La crise énergétique comporte enfin des conséquences parfois insoupçonnées, sur certaines filières, en raison d'un conflit d'usages entre alimentation et biocarburants.
Levures : un conflit d'usages avec les biocarburants qui gonfle
Les rapporteurs ont été alertés par la Chambre syndicale française de la levure (CSFL) sur l'article 8 du PLF , par lequel le Gouvernement entend porter le pourcentage national cible d'incorporation d'énergie renouvelable dans les transports, pour certains coproduits sucriers, de 1 à 1,1 %. Son non-respect entraîne le paiement d'une taxe, la TIRUERT.
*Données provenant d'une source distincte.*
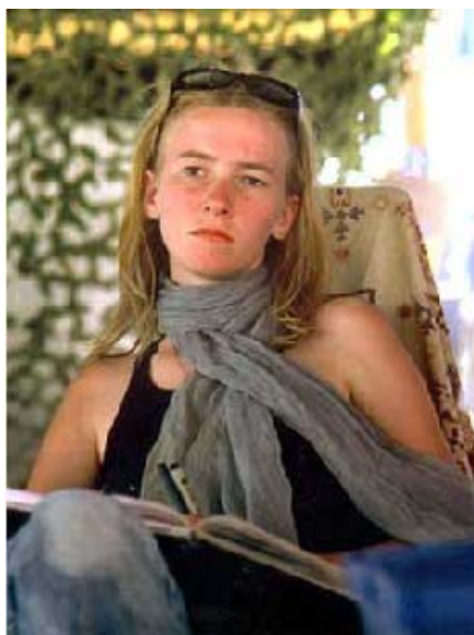
RACHEL CORRIE, 23-YEAR-OLD AMERICAN WHO WAS RUN OVER BY AN ISRAELI BULLDOZER

last few months they've shot or killed at least three foreign nationals in the West Bank or Gaza who were simply trying to help or protect the Palestinians.

À l'heure où les prix des carburants flambent, rendant l'incitation du marché déjà forte pour la destination biocarburants, le Gouvernement surenchérit et prend le risque de détourner les coproduits sucriers de leur débouché historique, la filière levure française. Leader mondiale de ce secteur , celle-ci a récemment été contrainte, pour la première fois, d'importer du sucre brut du Brésil, alors qu'elle cherche à privilégier un approvisionnement local en coproduits sucriers (mélasses et EP2), issus de la production betteravière française. Ces matières premières sucrières servent à nourrir les levures qui entrent dans la fabrication de la levure boulangère, de l'alcool ou de produits pharmaceutiques.
Les rapporteurs ont déposé un amendement ramenant la cible d'incorporation à 0,8 % , pour libérer 100 000 t de coproduits en « équivalent mélasse », soit le tiers des besoins identifiés par la filière levure. La souveraineté énergétique et la souveraineté alimentaire doivent aller de pair.